Entries provided:
"""

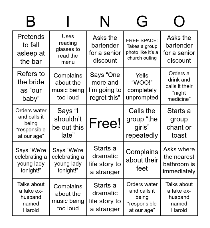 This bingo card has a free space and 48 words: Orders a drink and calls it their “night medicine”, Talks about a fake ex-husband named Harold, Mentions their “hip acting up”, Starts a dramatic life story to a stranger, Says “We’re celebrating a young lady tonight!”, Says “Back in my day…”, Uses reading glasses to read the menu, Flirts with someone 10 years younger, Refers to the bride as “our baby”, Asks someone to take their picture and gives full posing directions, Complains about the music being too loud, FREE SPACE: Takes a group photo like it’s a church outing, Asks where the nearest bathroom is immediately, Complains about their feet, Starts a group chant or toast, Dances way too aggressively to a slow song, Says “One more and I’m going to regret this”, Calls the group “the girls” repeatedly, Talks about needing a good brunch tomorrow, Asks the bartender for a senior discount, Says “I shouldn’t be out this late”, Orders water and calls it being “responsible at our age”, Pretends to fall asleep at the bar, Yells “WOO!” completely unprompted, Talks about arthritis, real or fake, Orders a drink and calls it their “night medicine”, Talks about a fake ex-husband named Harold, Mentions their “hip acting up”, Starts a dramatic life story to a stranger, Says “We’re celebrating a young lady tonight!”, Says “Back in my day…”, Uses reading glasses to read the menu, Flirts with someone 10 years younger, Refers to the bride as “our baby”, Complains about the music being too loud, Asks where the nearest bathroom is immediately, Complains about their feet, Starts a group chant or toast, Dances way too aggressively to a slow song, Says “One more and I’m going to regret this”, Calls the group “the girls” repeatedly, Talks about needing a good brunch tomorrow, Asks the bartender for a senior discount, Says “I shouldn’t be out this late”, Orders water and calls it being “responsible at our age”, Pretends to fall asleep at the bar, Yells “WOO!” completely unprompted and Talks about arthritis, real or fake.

"""
"""

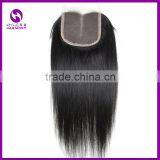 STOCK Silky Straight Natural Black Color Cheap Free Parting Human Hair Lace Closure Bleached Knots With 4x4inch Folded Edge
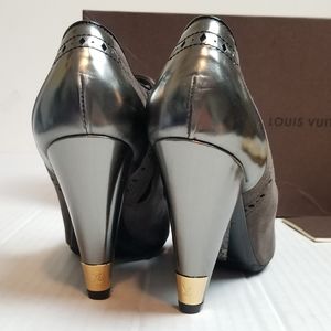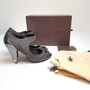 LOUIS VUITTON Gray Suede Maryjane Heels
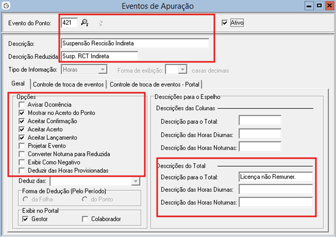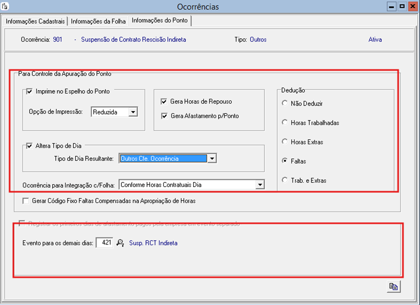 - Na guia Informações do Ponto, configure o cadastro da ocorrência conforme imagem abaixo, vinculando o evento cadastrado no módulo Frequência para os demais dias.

"""
"""

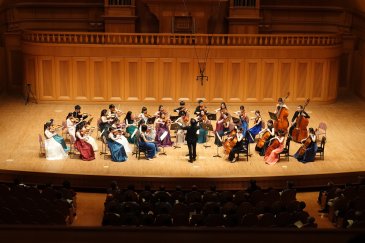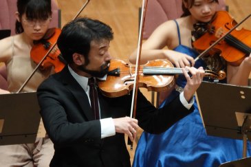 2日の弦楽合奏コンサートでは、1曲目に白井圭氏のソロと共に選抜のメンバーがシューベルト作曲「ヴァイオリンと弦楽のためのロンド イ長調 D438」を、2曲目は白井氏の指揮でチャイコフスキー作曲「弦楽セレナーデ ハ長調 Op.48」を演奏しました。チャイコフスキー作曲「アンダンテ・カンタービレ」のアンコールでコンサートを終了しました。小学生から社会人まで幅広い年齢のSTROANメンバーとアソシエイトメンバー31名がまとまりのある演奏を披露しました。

"""

Exercise objective:
Pictures in the entries do not go into the copy. Print only the lines starting at the one containing "STOCK Silky Straight" and ending at the one containing "- Na guia Informações", exactly as they appear.

Result of this exercise:
 STOCK Silky Straight Natural Black Color Cheap Free Parting Human Hair Lace Closure Bleached Knots With 4x4inch Folded Edge
 LOUIS VUITTON Gray Suede Maryjane Heels
 - Na guia Informações do Ponto, configure o cadastro da ocorrência conforme imagem abaixo, vinculando o evento cadastrado no módulo Frequência para os demais dias.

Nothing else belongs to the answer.